I’ve been a fan of Kate Atkinson’s since a couple of years ago, when I read her three Jackson Brodie mysteries and then Human Croquet. Teresa fell in love with her shortly thereafter, when she read the Brodie mysteries, Emotionally Weird, and Behind the Scenes at the Museum. Teresa’s review of this latter book, Atkinson’s debut novel, is terrific, and says all I could want to say about plot and voice, so go ahead, click through and read it, and then come back. I’ll wait, and then give you some of my own reactions to this marvelous and intricate novel.
I have frequently run into this problem, where the blurbs on a book jacket will give me the idea that a book is terribly funny, and then when I read it I find the primary tone melancholy or even outright sad. In the comments of his recent discussion of Trollope, Amateur Reader suggested that “comic” and “heartbreaking” are not necessarily at odds, and that’s certainly true of Behind the Scenes at the Museum.

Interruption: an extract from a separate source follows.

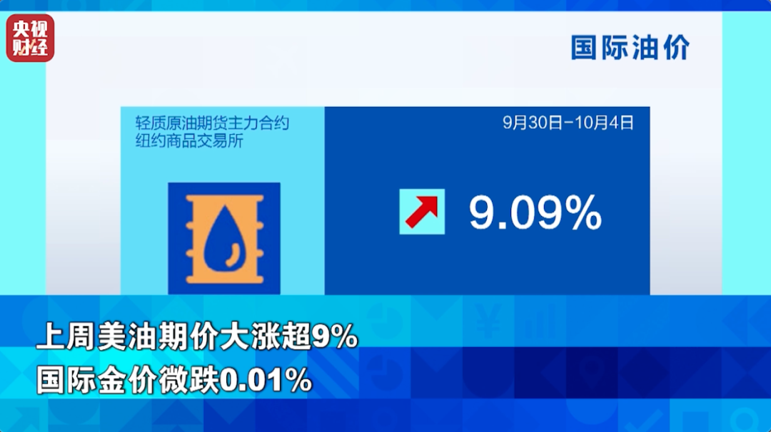 上周在伊朗对以色列发动导弹袭击后,中东紧张局势升级推高原油价格,国际油价连涨四日,全周美油期价累计上涨9.09%,创2023年3月以来最大单周涨幅,布油期价则累计上涨8.43%。市场对美联储大幅降息的预期降温,国际金价上周累计微跌0.01%。

One of the main motifs that winds its way through the book — the one I loved the best — was that of the “woman lost in time.” The irrepressible Ruby Lennox describes generation after generation of women who have lost their identity or been subsumed to others or been forgotten for other reasons. Not one you play for belly laughs. Yet even when it’s heartbreaking (war, bad marriages, the death of children) it’s never grim or sentimental, partly because of the voice Teresa represents so well, and partly because Ruby (or rather, Atkinson) takes such a vivid interest in each character. Each individual has a story: a beginning, a middle, an end. There are no bit parts. The fact that the book starts with that hilarious bit about Ruby’s conception confirms it: we all take center stage for someone, even if only for ourselves.
One thing I noticed, reading this book, is that Atkinson presents the nature of the world itself as dangerous for her women (and, to a slightly lesser extent, for her men as well.) Each element offers death: fire, water, earth, air. There isn’t any escape from it, except to the relative peace of Canada, and even then, time is master. Still, the book is never fatalistic or depressing. There’s a healing sense to all this knowledge, and to the self-discovery that accompanies it.
I think Kate Atkinson is a marvel: her writing always seems to be exactly what’s needed, even if you don’t know, going in, what that is. Even when her writing sparkles and jumps and experiments, it never gets in its own way. I can’t believe how quickly she’s become a solid favorite of mine. Long may it last.